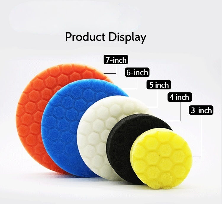 Ensemble d'éponges de polissage et de cirage pour voiture en laine, motif hexagonal, tampons de polissage inclinés et enfoncés, tailles 3/4/5/6/7 pouces
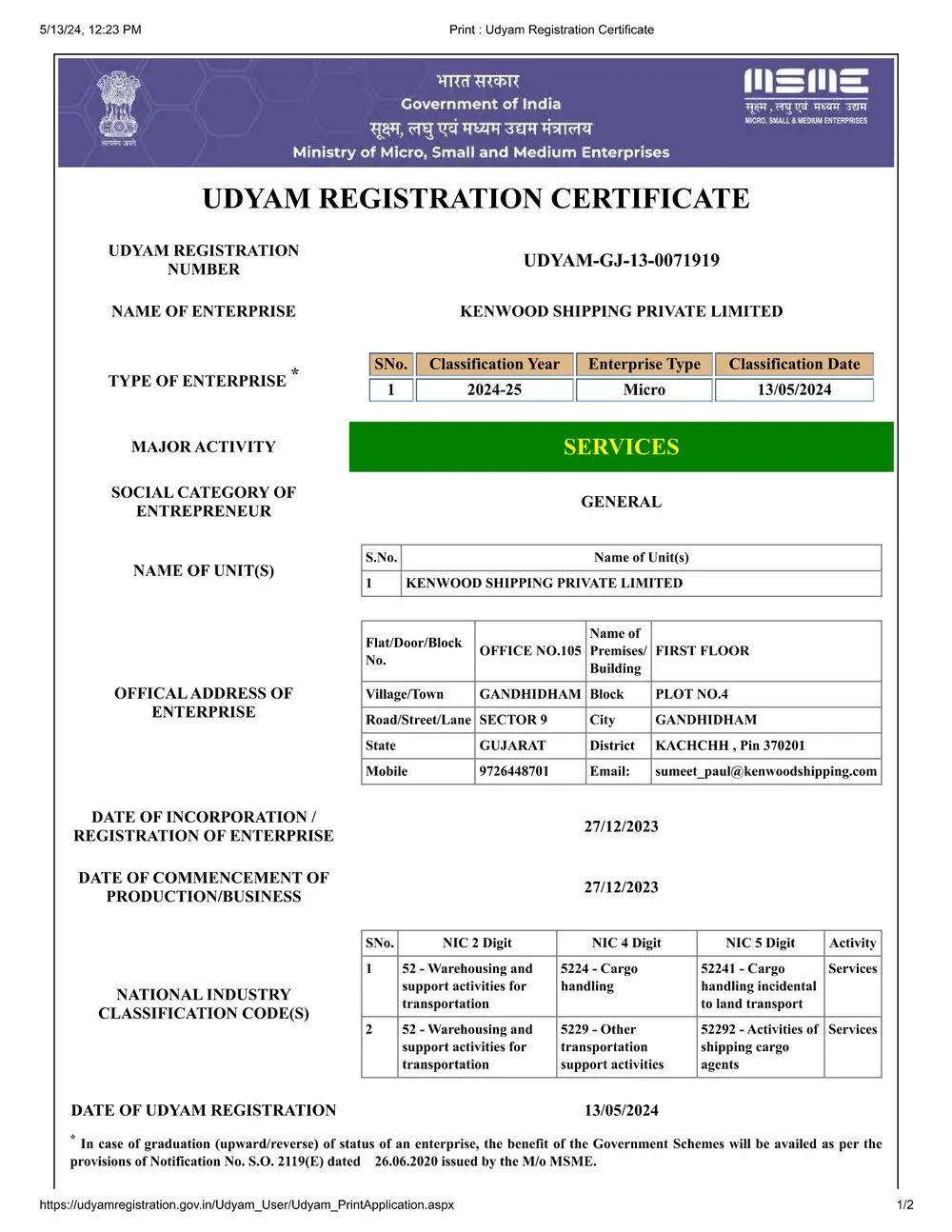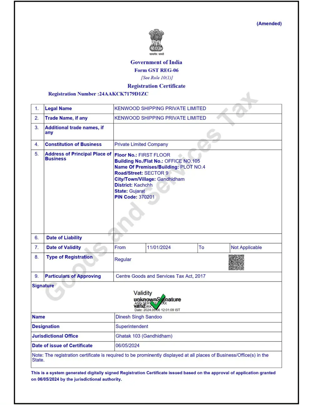 | 1 | Certificate of Registration | Pan Card | Passport | Passport |
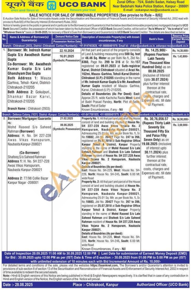 All that part and parcel of the property consists of Land & building measuring area 500 Sq. feet or 46.46 Sq. Meter as per Bahi No.1, Zild No. 8360, Page No. 299 to 316 at Sr. No.157 registered on 09.01.2023 at Sutb-registrar Karwi, District Chitrakoot situated at Arazi No. 162mi, Mauza-Garhiva, Tehsil-Karwi District-Chitrakoot (U.P)-210205 standing in the name of Mr. Indresh Kumar Gupta S/o Mr. Awadhesh Kumar Gupta resident of Mauza- Garhiva, Karwi, Chitrakoot (UP)-210205.
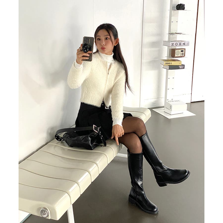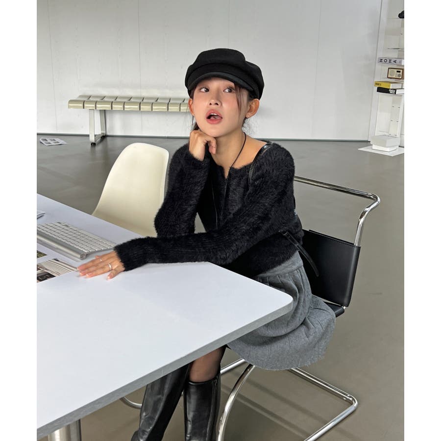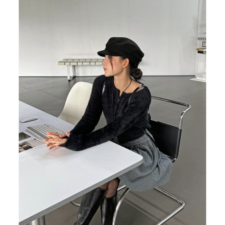 【アンゴラ風ジッパーカーディガン】
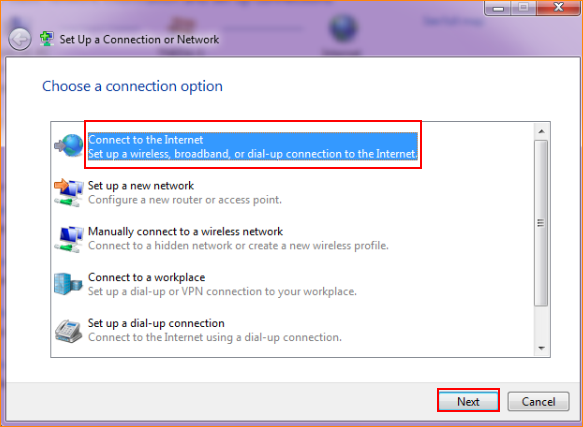 4 Click on Connect to the Internet and Next.
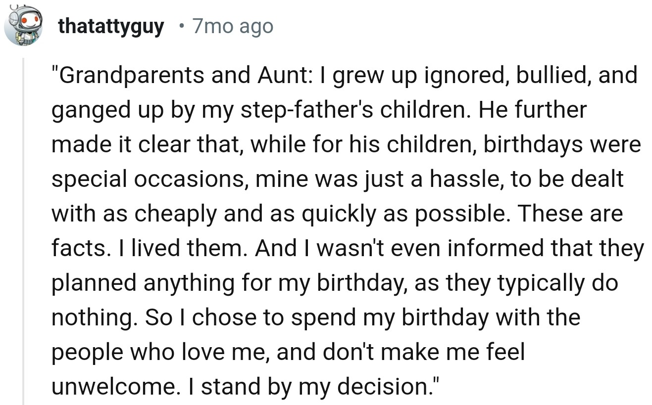Now, let’s talk about birthdays and Christmases. While OP’s step-siblings received lavish gifts, she got the bare minimum—a stark reminder that, in this household, she was second-tier.
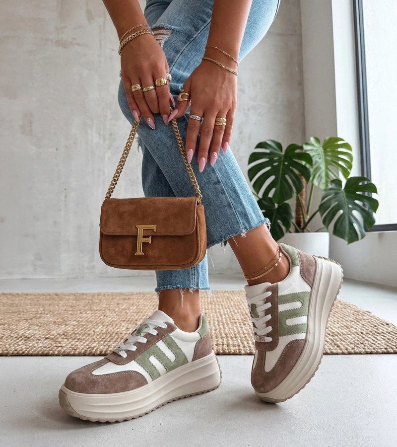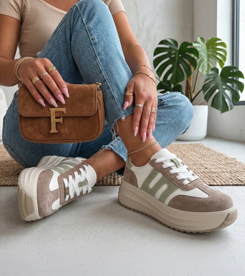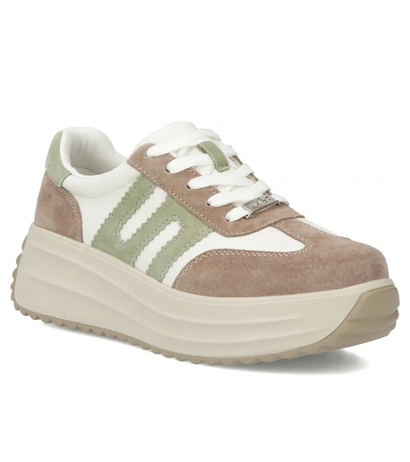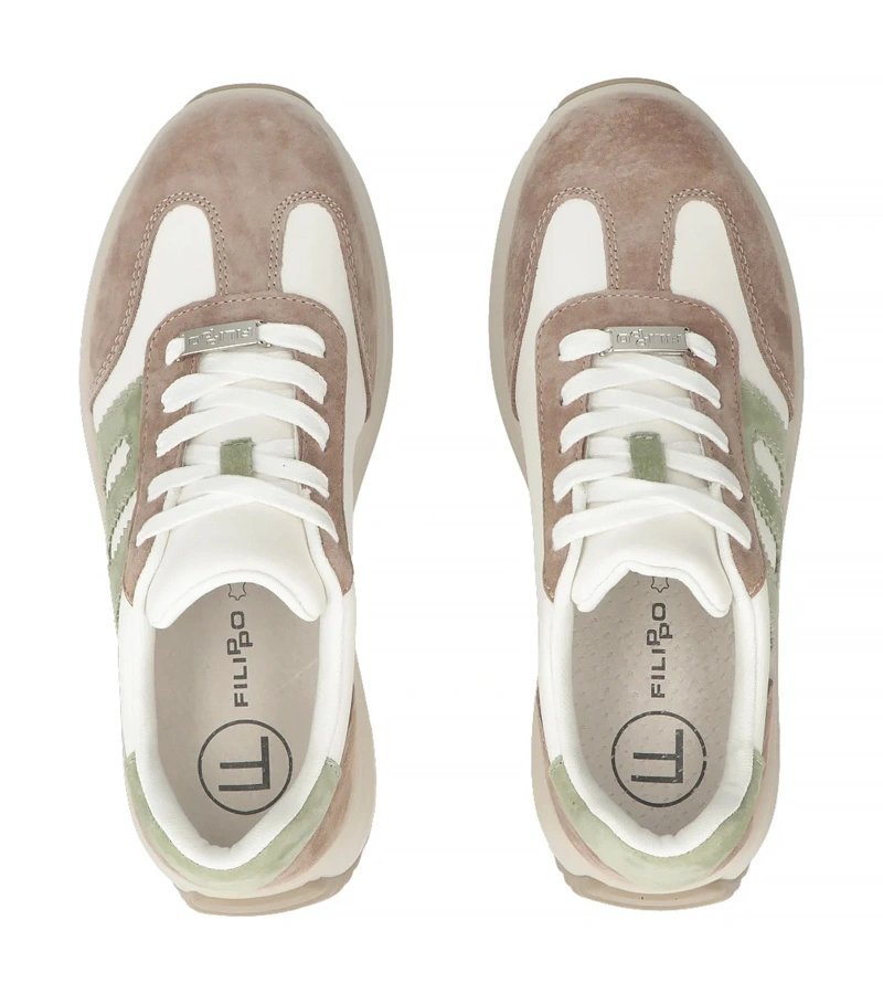 Moteriški sportbačiai smėlio spalvos – universalus atspalvis ir natūrali oda suteikia patvarumą bei lengvą priderinamumą prie kasdienio stiliaus; Filippo versija pasižymi pakeltu padu, kuris vizualiai pailgina kojas. Lengvai derinami prie džinsų ar laisvalaikio suknelių, jie tinka tiek miesto pasivaikščiojimams, tiek savaitgalio laisvalaikio veiklai. Platformos konstrukcija suteikia papildomo aukščio be aukštakulnių pojūčio, o natūrali oda gerėja dėvint.
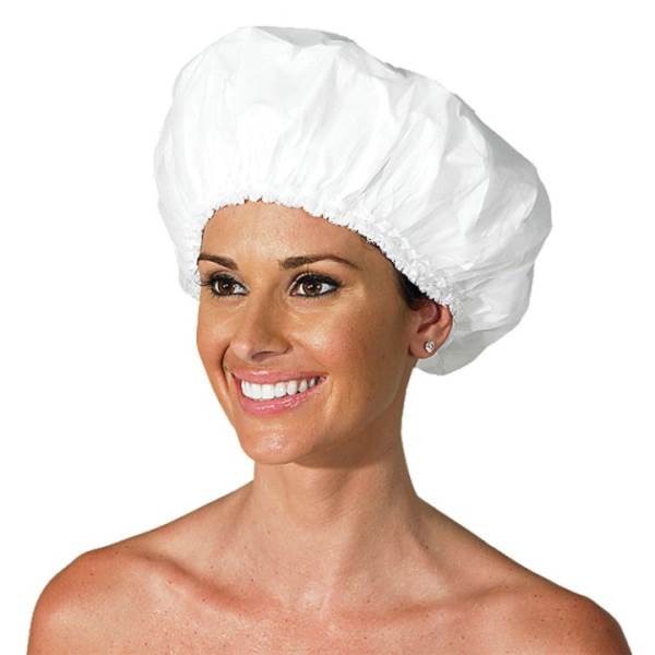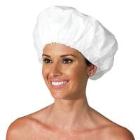 Vinyl-lined shower cap with outer chiffon
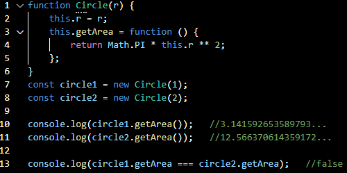 - 즉, 생성자함수가 생성하는 모든 인스턴스는 하나의 getArea를 공유
☆ ☆ ☆ ☆
> _Work instructions_
Repeat the material above word for word, please, apart from its images.

> _Written solution_
 Ensemble d'éponges de polissage et de cirage pour voiture en laine, motif hexagonal, tampons de polissage inclinés et enfoncés, tailles 3/4/5/6/7 pouces
 | 1 | Certificate of Registration | Pan Card | Passport | Passport |
 All that part and parcel of the property consists of Land & building measuring area 500 Sq. feet or 46.46 Sq. Meter as per Bahi No.1, Zild No. 8360, Page No. 299 to 316 at Sr. No.157 registered on 09.01.2023 at Sutb-registrar Karwi, District Chitrakoot situated at Arazi No. 162mi, Mauza-Garhiva, Tehsil-Karwi District-Chitrakoot (U.P)-210205 standing in the name of Mr. Indresh Kumar Gupta S/o Mr. Awadhesh Kumar Gupta resident of Mauza- Garhiva, Karwi, Chitrakoot (UP)-210205.
 【アンゴラ風ジッパーカーディガン】
 4 Click on Connect to the Internet and Next.
Now, let’s talk about birthdays and Christmases. While OP’s step-siblings received lavish gifts, she got the bare minimum—a stark reminder that, in this household, she was second-tier.
 Moteriški sportbačiai smėlio spalvos – universalus atspalvis ir natūrali oda suteikia patvarumą bei lengvą priderinamumą prie kasdienio stiliaus; Filippo versija pasižymi pakeltu padu, kuris vizualiai pailgina kojas. Lengvai derinami prie džinsų ar laisvalaikio suknelių, jie tinka tiek miesto pasivaikščiojimams, tiek savaitgalio laisvalaikio veiklai. Platformos konstrukcija suteikia papildomo aukščio be aukštakulnių pojūčio, o natūrali oda gerėja dėvint.
 Vinyl-lined shower cap with outer chiffon
 - 즉, 생성자함수가 생성하는 모든 인스턴스는 하나의 getArea를 공유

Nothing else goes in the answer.